The first period of his musical life (1959-1966) was an intense learning period. He listened and imitated the sound recordings of several legendary Mississippi bluesmen and attended house parties to hear local musicians perform similar versions as well as other popular songs of the day. Burnside learned his musical style from his neighbor and friend, the legendary bluesman Mississippi Fred McDowell. McDowell, who lived near Hudsonville most of his life, moved to the Como area in the mid-1950s and became an important blues singer in the American folk music scene of the 1960s. Burnside adopted McDowell’s rhythmic bottleneck style and upbeat playing techniques.

Another later influence on his music making was Johnny Woods, a veteran country blues harmonica player. Together they played hill blues and standard blues tunes for a variety of national and international blues audiences. Other hill blues musicians who also influenced Burnside were part of the Como/Crystal Springs blues tradition in nearby Tate County where he lived for a while before moving to Marshall County, they included: Napoleon Strickland, Mott Willis, and Othar Turner.

Until the late 1970s Burnside lived a relatively obscure life as a farmer-musician. Seemingly, there was a certain fear of being misunderstood so he opted to live in the back-wooded area away from the general population to avoid disturbing his neighbors during many of his well-attended weekend music making events. In many ways his lifestyle fit the old American blues-musician stereotypes – a sharecropper, poor, jovial, addicted to alcohol, constantly in debt, and had a large family.

Interestingly, Burnside found an appreciative audience for his music that considered his talent and function more important than his personal idiosyncrasies. He was not one to put on a mask or wear a disguise for approval or acceptance. Burnside was who he was and what you saw was truly him – you either accepted him or rejected him.

Despite these characteristics and his limited assets and liabilities fully exposed, he was a devoted husband and loving father to his children. On many occasions I witnessed him giving his children every penny he had earned from his gigs to help meet their personal needs.

He often traveled to performances in an old vehicle, loaded down with his entire family and equipment – it was a sight to behold! But it showed the compassion he had to engage the whole family in his world of music.

As Burnside’s popularity grew, he began to enjoy a particular status as a well-known local bluesman who basically made music for family and friends who paid him sometimes with a few dollars, some food and whiskey.
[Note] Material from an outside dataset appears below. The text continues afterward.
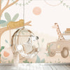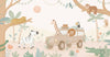 Dit safari behang met jeep en dieren is ideaal voor kinderen die houden van avontuur, natuur en dieren. De gedetailleerde illustraties in warme, natuurlijke kleuren brengen direct een gezellige, avontuurlijke sfeer in de kinderkamer.

The truth of the matter is that in spite of his economic status, the fulfillment that he got from playing the blues gave him great personal satisfaction. Over time he proved to be a popular attraction at local house parties, country picnics, fish fries, local cafes, and birthday parties in the region.

It was during the second period of his musical life (1967-1980) that Burnside stepped onto the national scene in 1967 after recording six tracks for blues researcher George Mitchell for the Arhoolie label titled Mississippi Delta Blues, Vol. 2 (Arhoolie LP 1042). Singing to the accompaniment of his acoustic guitar, Burnside began a slow trail of commercial recordings for both national and international blues labels. His frapping rhythmic bottleneck guitar style and distinct vocal quality distinguished him as a blues singer of northern Mississippi hill blues.